The mushrooming market for derby skates is more recent. IMO the Avenger is primarily a market driven design targeted specifically for derby.



There are no Sure Grip plates with 45 degree kingpins - Zero, NaDa.

The Avengers and other so called "DA45" plates all have 30 degree (measured from vertical) kingpins. The action angle (line about which trucks swing) is, however, very close to 45 degrees, and it is this angle, that affects a plates turning response the most anyway. Both angles do correlate and are somewhat married to each, but one value only affects the range of the other value, not the exact degree.




Since when did high levels of turn response become a prerequisite for optimum speed plate performance and skater speed. Most serious speed skaters will disagree with this assertion, including me. I have explained this to death in other threads. Suffice it to say that a strong and full horizontal extension power stroke works more effectively on a less turn responsive plate, one where more plate tilt gives less plate turn.

The plates that were actually design optimized for speed performance all reflect this reality by having steeper (0-15 degree) kingpins and shallower action angles (closer to horizontal 25-37 degrees)



By definition, stability at speed means that slight errors in placement of the focus of weight on the skate, that tend to turn the plate away from the desired rolling line, will only trigger a limited amount of errant turn deviation from the desired track.

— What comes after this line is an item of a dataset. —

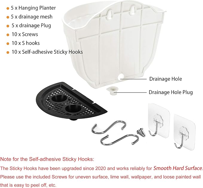 - INDOOR & OUTDOOR USE: vertical wall hanging planter made of high quality durable PP resin material, safe and non-toxic, this polypropylene resin planter is a tough, lightweight , all-weather durability with UV protection for outdoor use, an alternative to clay or ceramic planters. Install drainage plug when used indoors. SIZE (L*W*H): 8.1"x4.7"x6.8"; 10 x screw of stainless steel, 10 x S hook of stainless steel,10 x self-adhesive command wall hook included.

However, with errors of weight placement when rolling on the more turn responsive DA45 plates, a GREATER amount of turn deviation from the desired track will result. As plate designs, like the DA45s, go steeper (more vertical) with their action angle geometry, they will always tend to become be more twitchy and less stable at speed. Good skills can still manage this inherent tendency of steep action plates, but they cannot make it disappear.


SwisherTONE - and you're absolutely correct about this, thus is why I always stress paying more attention to what bushings are over your pins. Most people want to lay bushings over their Kingpins because they 'match' or they 'look pretty' (and aesthetics are fine... I love my skate gear to look hot!!) but skaters (competitive skaters) don't put enough technical emphasis on their bushing set up. It makes all the difference! Most people are riding 85A or lower duro ratings on their kingpin... there are many harder rated bushings to choose from, so that you can configure what is going to balance out your set-up and stabilize your skating on your particular build. I stress this with all the people I skate with / train, and they've all said it's made a huge difference.



When I first rolled on a 30 degree kingpin plates with a high level of turn response, I immediately perceived my skating performance and speed to have improved significantly. Then I realized it was more like my body dynamics had changed as I adapted to the more curvy shape of strokes I could now do.

It seemed like I had started making better use of my hips and of body twisting and lateral weight shifting to more effectively lay power into my stroke. On top of that, my skating was a lot more fun.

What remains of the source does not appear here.